Category Archives: Rev. Mary Louise Ruffner

MIRRORS, SYMBOLS, and SIGNS, Oh My!

Rev. Mary Louise Ruffner

I have come to believe and realize: what I think about comes about; and, where my attention goes, energy flows. I have come to know that to the degree that I change my thinking, I change my life. While this is all basic Science of Mind, it is far-reaching in its implication.

These mental laws, being laws, are the same for absolutely everyone, without exception. When I consciously apply this Law of Mind, I take full responsibility for my life.  This endeavor takes place in the secret chambers of my own consciousness. What I love about this system of self-proclamation and expression is, I’m never locked in.  

My viewpoint, acting like a mirror, reflects the activity of my mind, and shows up as my experience.  My viewpoint is often based on what I have been previously taught and what I presently observe in the world. I now realize that when I am not pleased with what I see in the world, it is an opportunity for me to examine the role I played in the creation of the whole, and self-correct when appropriate. My objective is a world that works for everyone.

In an effort to self-correct, I may find myself going through a series of hit and miss. What I have come to know is this: while there are mental laws that determine what my world looks like according to my beliefs, there is a spiritual reality, called God that transcends all limiting ideas. God is the Source and First Cause of everything that exists, including mental and physical laws. This Divine Presence is constant and changeless. 

When I align my mental house with the nature of God, the source of my existence, I begin to express that which is my True Self. The signs that follow are Peace, Harmony, Love, Joy, Wisdom, and Abundance. These are symbols of divine life. They are the very essence of all living beings. 

It is written, “There is a right time for everything.   I use this precept as a premise when discerning the circumstances that I face in life. Believing everything” means “everything,” I conclude: all is in divine order. I am motivated to “do” what needs to be done by and through me to unleash even a greater expression of divinity. I choose to be healed instead of justifying my present thought patterns.

Life is always an upward spiral, always becoming more of itself, never less. This is the nature of evolution. In many ways my life is a work-in-process. I start out with an idea of how I express myself. I keep tweaking, fine-tuning, adding, and subtracting until I am satisfied; until I perceive my wholeness. 

The mirrors, symbols, and signs that provide me with what I need to know to become the best version of myself, are also my assurance that there is a Presence that is forever leading me and guiding me, and revealing to me that I am Its very own. And, what I know is true about me is true about everyone. 

The mirrors, symbols, and signs clearly indicate, for each one who agrees with my viewpoint, there is one who does not.  So once more I examine my mental house to determine what, if anything, needs tweaking. This time the criterion I place upon myself is for my beliefs to reflect a consciousness anchored in Truth Principles, assuring a world that works for everyone.  I consciously choose to live with fellow citizens in an atmosphere of “one nation under God, indivisible, with liberty and justice for all.” 
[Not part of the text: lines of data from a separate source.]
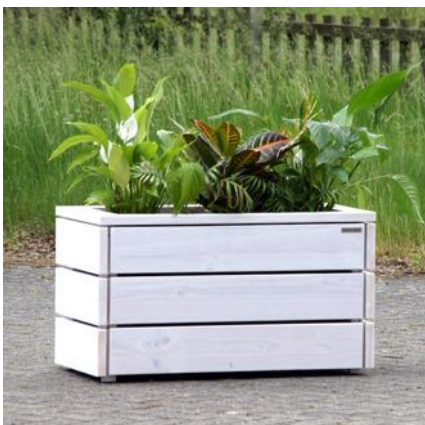
Pflanzkasten M, Weiß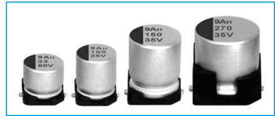
Marking color : Blue print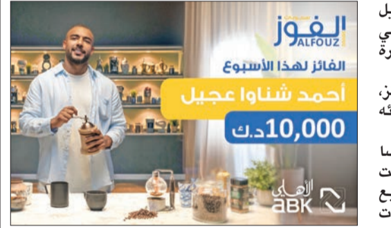
الفوز لهذا الأسبوع

في السحب الشهري الموافق الإثنين 29 أبريل 2024، حيث سيعلن اسم الراجح القادم، إذ إنه كلما زادت المبالغ المودعة زادت فرص الفوز.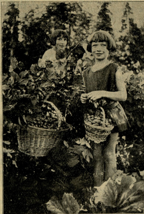
»Letos bo hmeljska letina menda precej obilna in izbira najboljšega blaga med najboljšim še večja kakor lani. Zato pa moramo tudi obirati še bolj skrbno: v veliko košaro nabiram le res čisto gladko-zelene, pravilno jajčaste in dozorele kobule, v malo pa le nekoliko hibne, dočim preveč lisastih, nemarnih, medlih in kvarnih letos sploh ne obiramo, ker bi se ne izplačalo.«

Zelo važno pri sušenju je, da pride hmelj iz sušilnice res suh, ne pa samo na videz suh ali pa že sežgan. Tudi to je skrb sušača, ki že mora imeti toliko vaje, da zna natančno določiti, kdaj je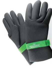
NEOPREN HANDSCHUHE GLOV1, GLOV2, GLOV3, GLOV4

Wickeln Sie zum Messen diese Seite um Ihre Hand!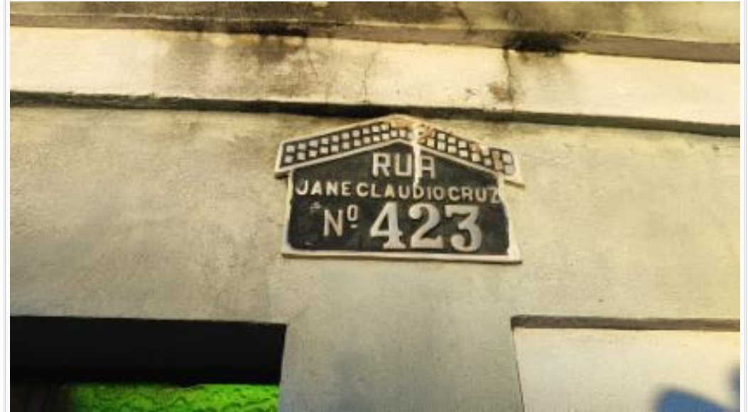
Identificação do imóvel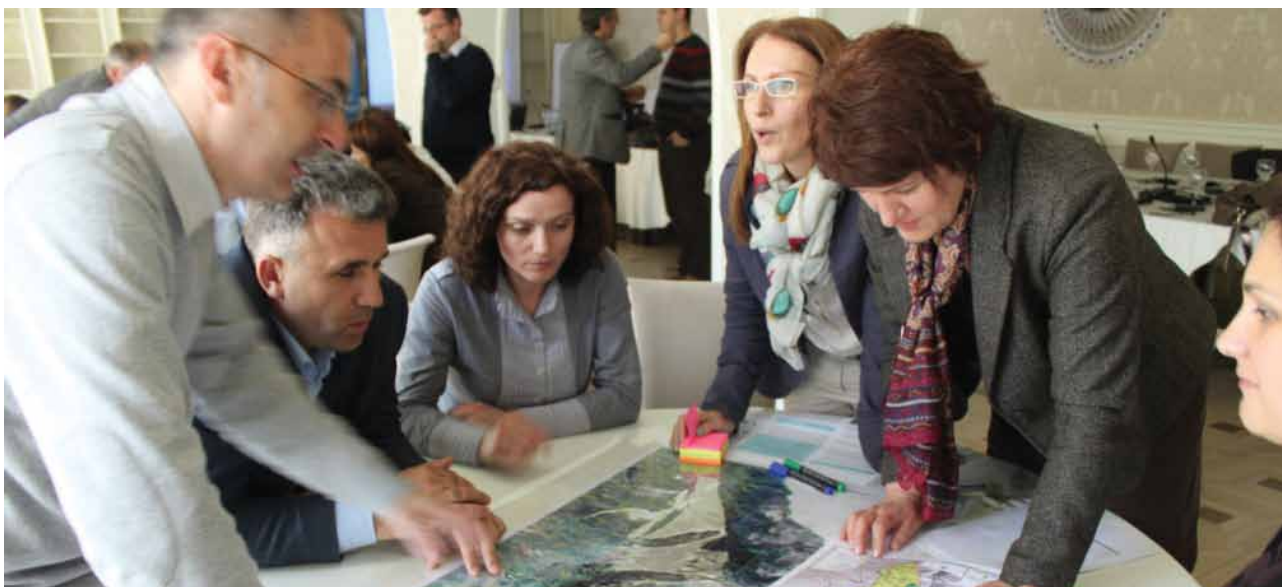
Proces izrade Prostornog Plana za Nacionalni Park "Prokletije", uključujući komponentu zaštite životne sredine/ SPUŽS-a.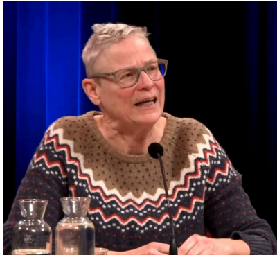
Kerk en Israël Noord- Holland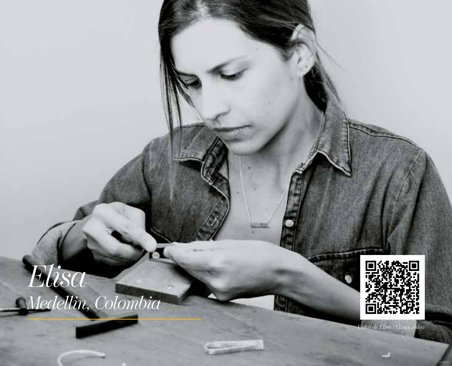
Elisa Medellin, Colombia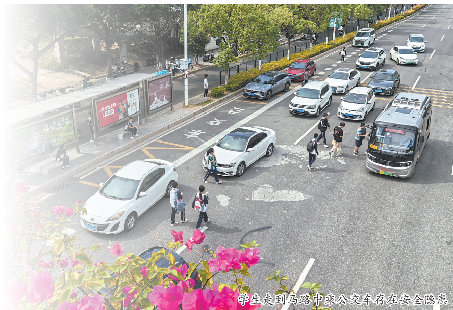
学生走到马路中乘公交车存在安全隐患

车道。12时20分左右,校门口车道恢复正常。从记者以往走访情况看,晚上放学时段是真正的车流高峰期。4日18时,大量学生从学校出来,前来接学生的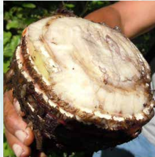
الخلايا سيئة التجهيز، تنتج نباتات قليلة من البراعم الجانبية (ش س)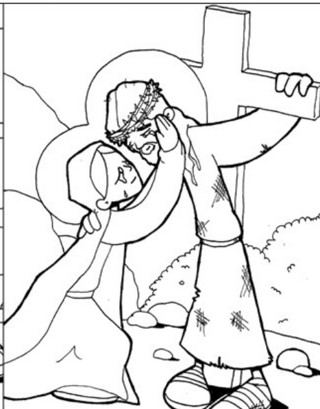
4º ESTACIÓN: JESÚS SE ENCUENTRA CON SU MADRE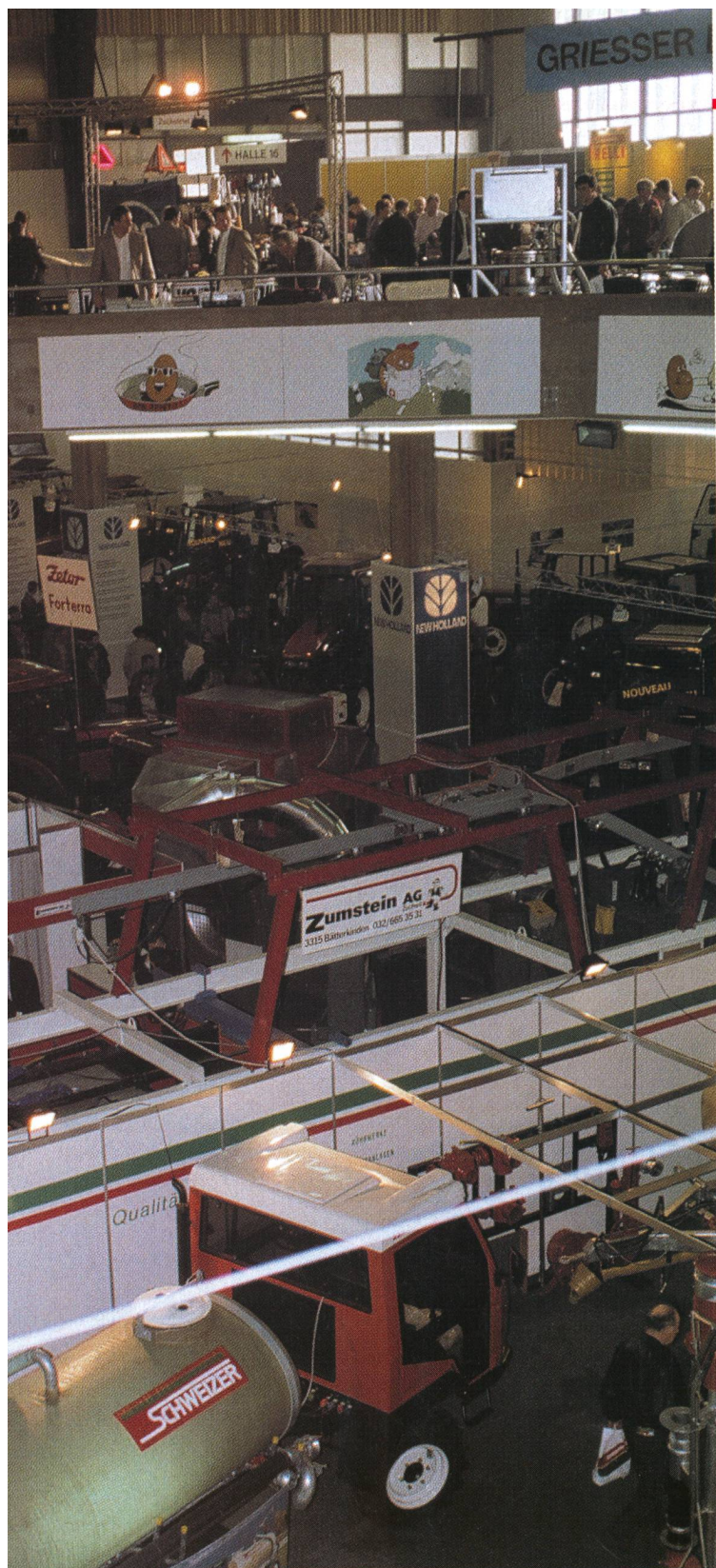
De la technique agricole à l'état pur... L'événement marquant de l'année pour la dernière fois dans les balles du Palais de Beaulieu.

diminuer la charge au sol et d'autre part pour intervenir avec une mécanisation plus douce, qui favorise aussi les machines attelées.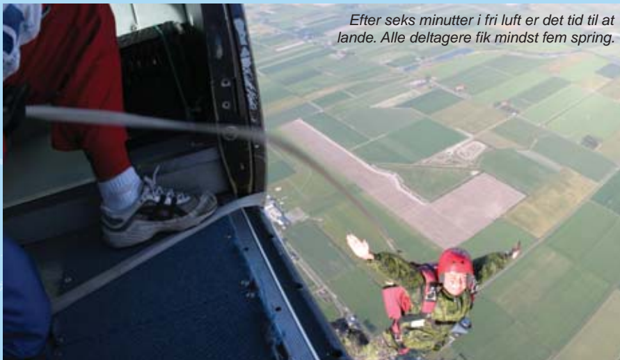
Efter seks minutter i fri luft er det tid til at lande. Alle deltagere fik mindst fem spring.

Flere af deltagere var dog ikke blevet mætte efter de fem obligatoriske spring, og både onsdag aften og torsdag blev brugt til flere spring; heriblandt frit fald fra fire kilometers højde. Torsdag aften kunne sidste mand så lægge faldskærmen på plads i hangaren og køre tilbage til Danmark – en faldskærmsvinge og en fantastisk oplevelse rigere.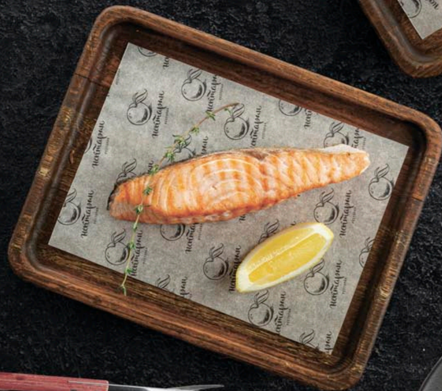
ЛОСОСЬ НА ГРИЛЕ/НА ПАРУ 860,- 130 гр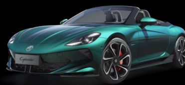
Zelená Mystic Metalický lak 25 000 Kč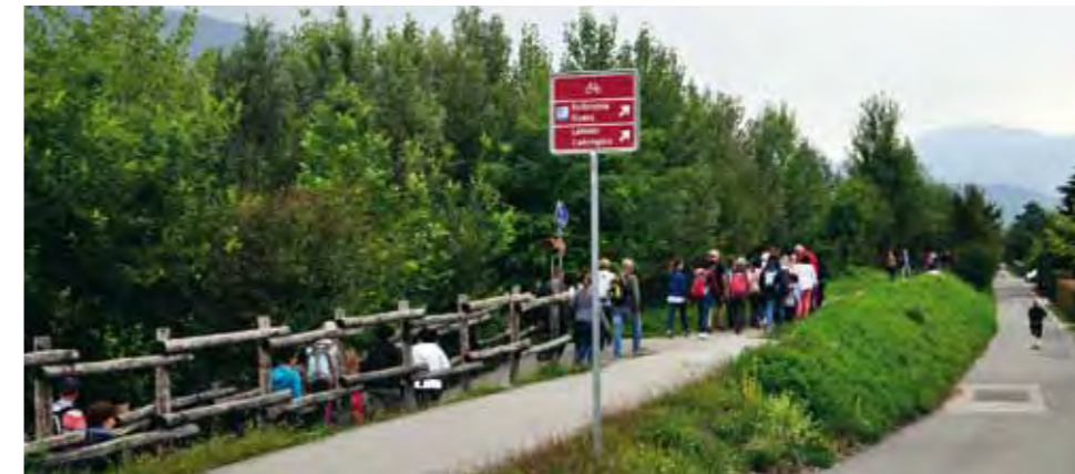
Agno, lungo il fiume

Malgrado la meteo non proprio favorevole di settembre, un folto gruppo di cittadini di Agno, Bioggio e Manno ha percorso, lungo il tracciato della Strada Regina ed altri sentieri pedonali, il tragitto che dal lago li ha portati al Parco Giova. È stata una simpatica occasione di incontro che si è conclusa con un bel pranzo e la possibilità di testare veicoli elettrici, momento organizzato in collaborazione con Energia ABM.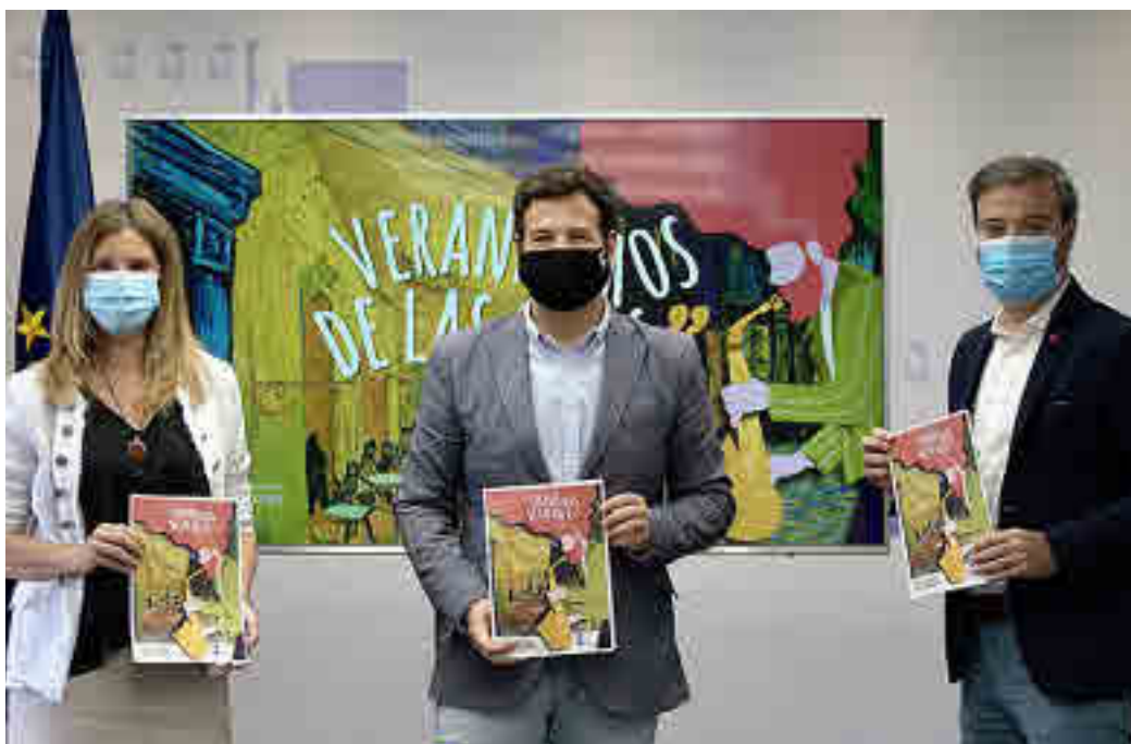
Presentación de los Veranísimos de Las Rozas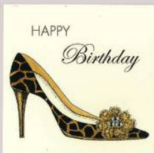
ヒール(HAPPY Birthday) 品番/GGE8 コード/4571290307828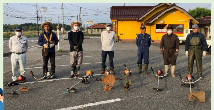
↑6月1日に、国道183号線尾引バス停から種森橋までの小学校通学路の歩道の草刈りを行いました。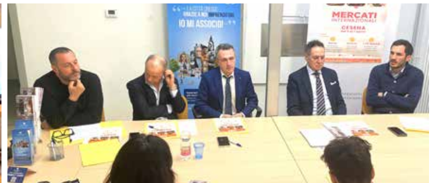
La conferenza stampa di presentazione dell'evento promosso da Fiva Confcommercio "Regioni d'Europa. Mercato internazionale"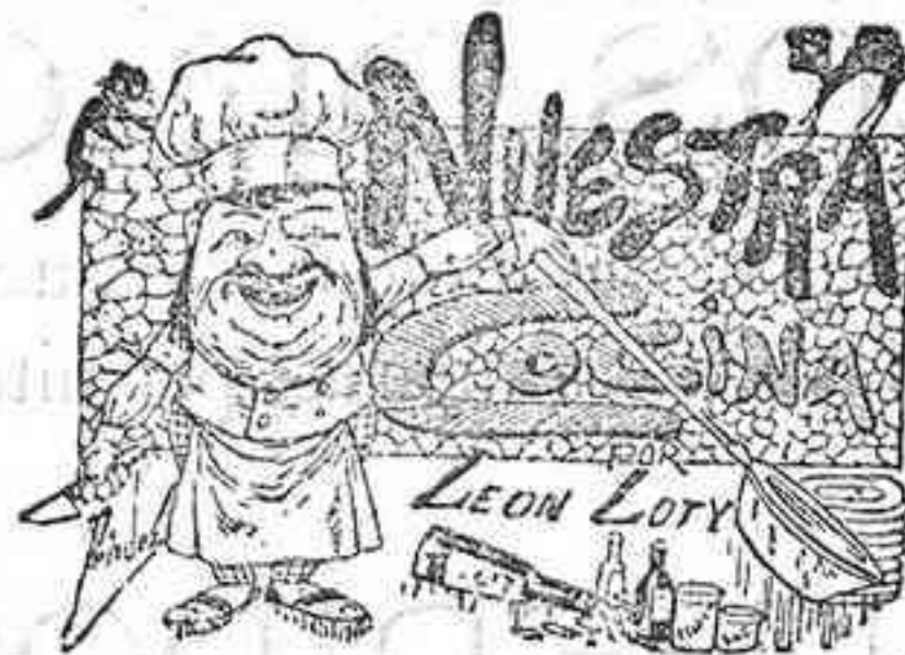
Comidas para el 29 de Diciembre

—El domingo 31 del corriente y los días 1 y 6 de Enero próximo, continuarán las misas de aginaldo en la iglesia de San Rafael.

Oh my! What a beautiful vision.


This Weeks Affirmation

I affirm all is in Divine Order.
By Mary Jane LaBonte, RScP

FAITH

Rev. Mary Louise Ruffner

Be it a child’s game, a health challenge, the state of the country, or, everything in between; the faith factor is always being activated. The outcome is always according to our belief.

The childhood game, Hide-and-Seek, was a favorite of mine.  I was super confident that I would always find my playmates in their favorite hiding places; or that they would tag the goal while I was still searching. This faith based on my previous experiences of playing the game, was my assurance of success. When the game ended, I was summoned to come inside for the day and prepare for tomorrow.

Fast forward with me to the early part of 2002. I was feeling very low; lower than I had felt in a long time. Arriving home that day, I parked the car and hurried into my apartment.  I had a lot on my mind, so I was glad my new friends, the shy little girl and her mom who lived in the adjacent building, were not there to greet me as usual.  I was not in the mood for pleasantries. 

Once inside, I began to process the diagnosis the doctor had given me. Fear of the unknown flooded my mind.   I was alone with my thoughts, feelings, confusion, and grief, when suddenly there was a loud knock at my front door. Very unusual. 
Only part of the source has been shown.